Johnson ya estaba a lado de Williams; y éste, previo a adentrarse en su aposento, había solicitado el servicio.

La señora Lula Portman, una mujer alta, delgada y de facciones serias, era la abuela de John, la nana de Terry y quien lo había atendido.

Una vez colocada la taza en una elegante mesita de centro frente al sentado solicitante, él agradeció con una sonrisa y una leve inclinación de cabeza, movimiento que bastó para que la empleada de años se retirara en total silencio.

Cerrada así una puerta, al segundo siguiente se quiso saber:

— ¿Y bien?

— Se quedó profundamente dormida — se informó.

— ¿De verdad? — se repreguntó; y el informante así lo afirmaba:

— Me aseguré de ello

— Bien. Entonces, escucha lo que vamos a hacer.

Pese a que no era costumbre de la señora Portman escuchar detrás de las puertas, Johnson pidió un momento para ir a verificar que los hombres estuviesen completamente a solas. Consiguientemente se decía:

— Te escucho

— Aunque el aspecto de Candy es perfecto para mi plan, tendremos que ayudarle un poco en su apariencia.

— Voy a pedirle a mi esposa Dorothy que se haga cargo de ella.

— ¿Y si habla con Terry? Recuerda que son confidentes. Además, ella era la empleada de confianza de su madre. No, no. No pienso arriesgarme.

— ¿Entonces? — inquirió Johnson; y Williams le solicitaba:

— Vas a tener que ir por alguien al pueblo cercano. Le pagas para que venga y también para que desaparezca.

— Tampoco me fío de ellos. El pueblo es chico y...

— ¡Por todos los diablos, Johnson —, la alteración no sólo brotó de una boca, sino que se reflejaba en una mirada al indagar: — ¿qué sugieres entonces?!

— ¿Te fijaste bien en la muchachita?

— Por supuesto

— Sólo haz que se bañe, que use un vestido bonito y listo. ¿O acaso pretendes que hable?

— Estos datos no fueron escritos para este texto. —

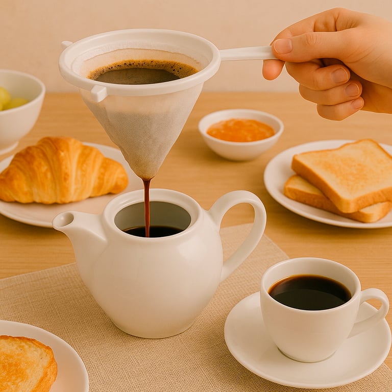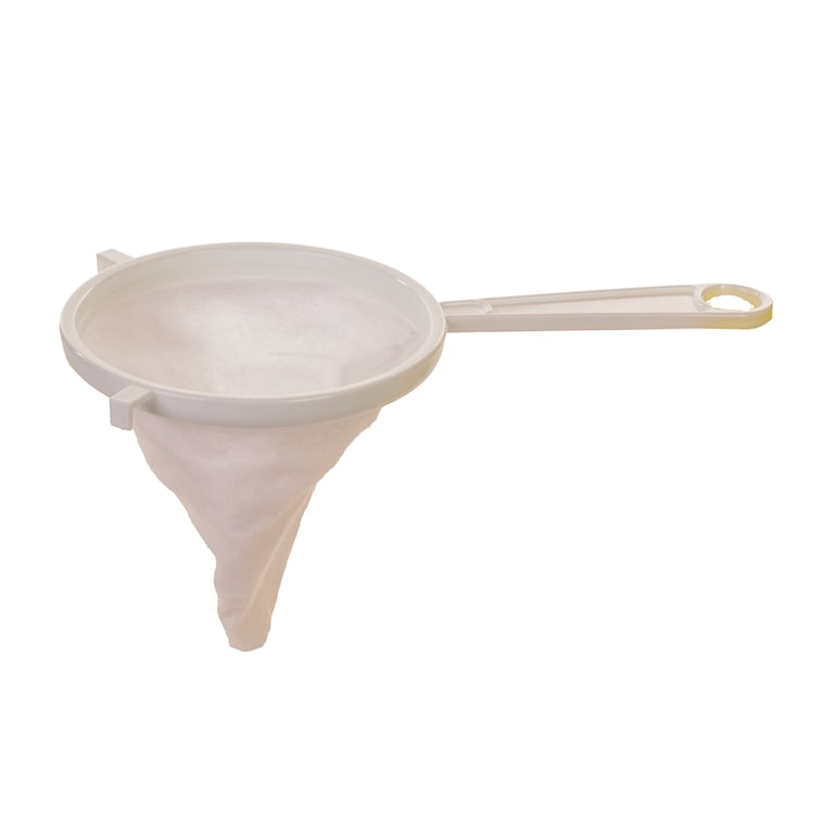 Composição BORDAS E CABO EM PLÁSTICO E COADOR DE PANO.

— Obviamente no — se dijo, y otra mirada furiosa se dedicó al empleado quien diría:

— Entonces, asunto arreglado. El juez y el notario deben ver en ella la palidez que le sobra.

— Ajá, ¿y qué me dices de los lunares en su rostro?

— Le untamos un poco de maquillaje que no necesita ser aplicado por un experto.

— No sé. No quisiera que sospecharan en lo más mínimo.

— No lo harán porque vas a decirles sobre la enfermedad que padeció el último año alejada de ustedes. Y como la gente de aquí es tan supersticiosa, ni siquiera van a acercarse al féretro.

— No sé, Johnson — se volvió a decir. También...

— Vamos, Williams. Lo habíamos planeado bien. Estabas decidido a hacerlo.

— Sí, sí; pero no quiero errores que vayan a costarnos.

— Si llega a haber uno, no serías tú el que pague.